3-2 in comment decoder Dec t And mining the association relation between the multi-scale image features and the multi-scale text features by utilizing the cooperative attention module, and outputting the text aggregation features by utilizing the cooperative attention module for generating text comments.
Further, the determination network based on the multitasking constraint in the step (4) realizes feature accuracy of aesthetic factor marking and text quality, specifically as follows:
4-1 Mass prediction loss L a : the quality prediction loss comprises multi-scale image features and multi-scale text features, and the L2 loss is adopted for the effectiveness of the multi-scale image features and the multi-scale text features.
4-2 aesthetic factor predictive loss L fact : aesthetic factor prediction loss contains real text comments and generated text comments, and cross entropy loss is adopted for restricting the rationality of generated text comments.
4-3, carrying out weighted summation on the text quality prediction loss and the aesthetic factor prediction loss for guiding the training of the model.
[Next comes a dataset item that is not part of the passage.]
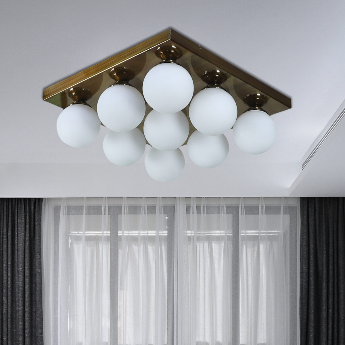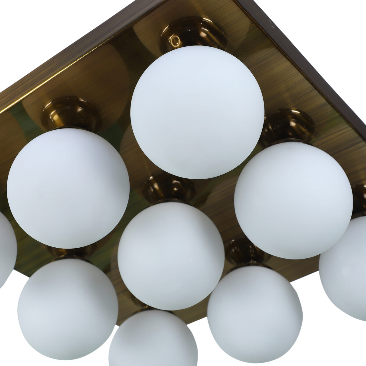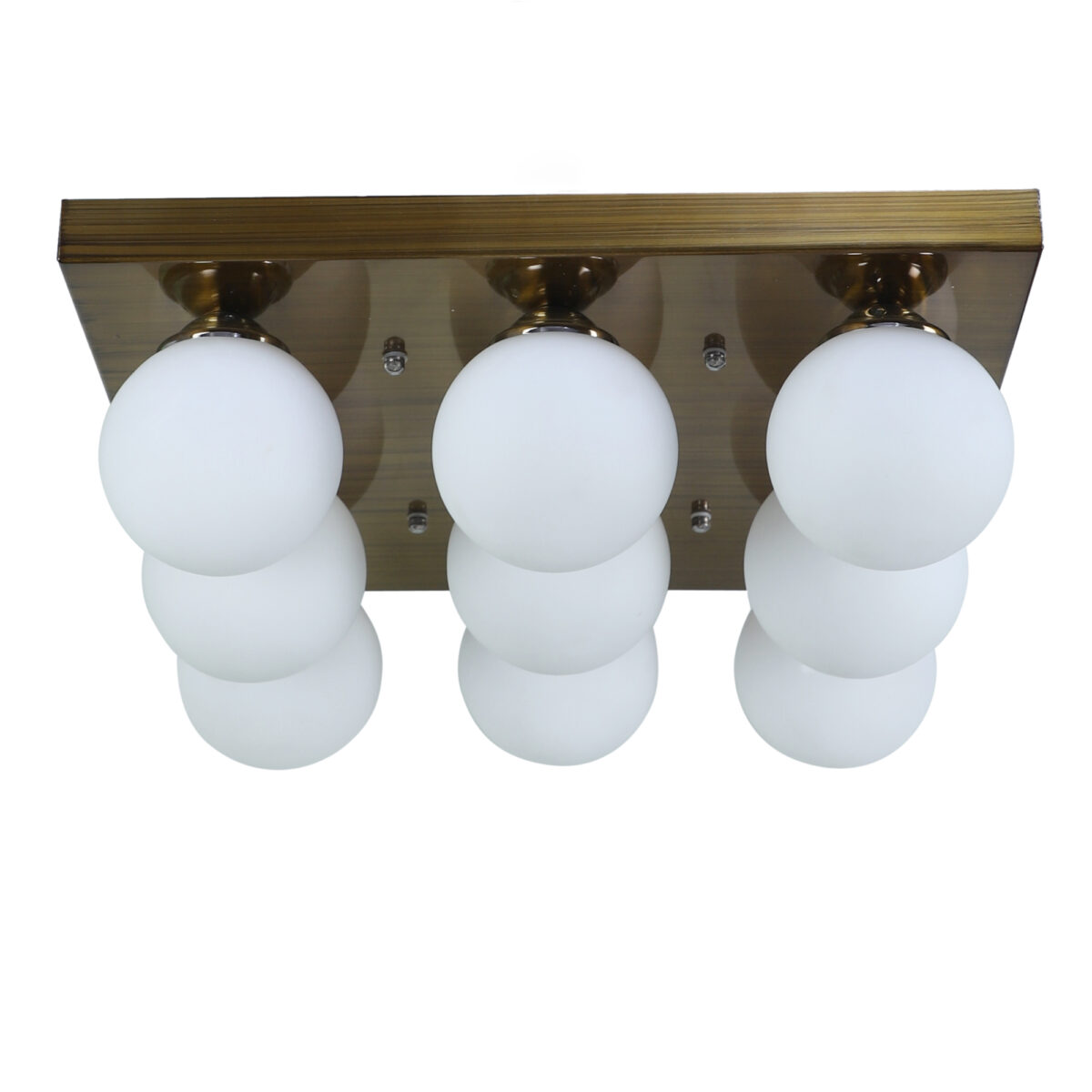 Antique gold finish, round globe (doom) glass mounted on a square plate made of mild steel having nine lights. This is a fixed type chandelier in which the base plate is fixed to the ceiling with the help of straight clamp and screws.It is maintenance free, glasses are closed from all the sides which prevents accumulation of dust and it is easy to remove glass and wash them. Comes with an E27 holder, only the change of lamp is required, which is available locally everywhere. Application includes both residential and commercial premises wherever it matches with your interiors. Matching chandelier variations – CH400-4. Matching hanging variations – HL-4100-4, HL4100-9. Can be customized as per requirement in case of bulk quantities.This along with its variants are the best selling products in our catalogue. LAMP NOT INCLUDED.

Further, the antagonism loss based on hidden information learning in the step (5):
based on the idea of hidden information learning, according to real text comments and aestheticsThe correlation between the quality is strong and weak, and a learnable relaxation factor is introduced into a loss function to guide the training of a model. Specifically, two sets of parameters w and w are introduced in the discriminant network * The countering loss is to be in the form of a hangeloss, which requires solving the following problems:
s.t.
wherein w and w * B and b are network weight parameters * For the network bias, gamma and C are weight coefficients, y i Is x i Labels, x, corresponding to samples i ∈R d For the transducer to discriminate the network extracted features,features extracted for pre-trained aesthetic quality assessment model, < >>The relaxation factor introduced for the text feature is output for the two fully connected layers. When the text noise is larger, the quality error is larger based on the text prediction, and the corresponding relaxation factor is also required to be larger, namely the generated text comment is not required to be too similar to the real text comment; when the text noise is smaller, the relaxation factor is smaller, and the generated text comment should approximate to the real text comment. Here, w and w * For the network weight parameters, the improved SMO algorithm can be used for solving, and iterative optimization is carried out together with the whole network.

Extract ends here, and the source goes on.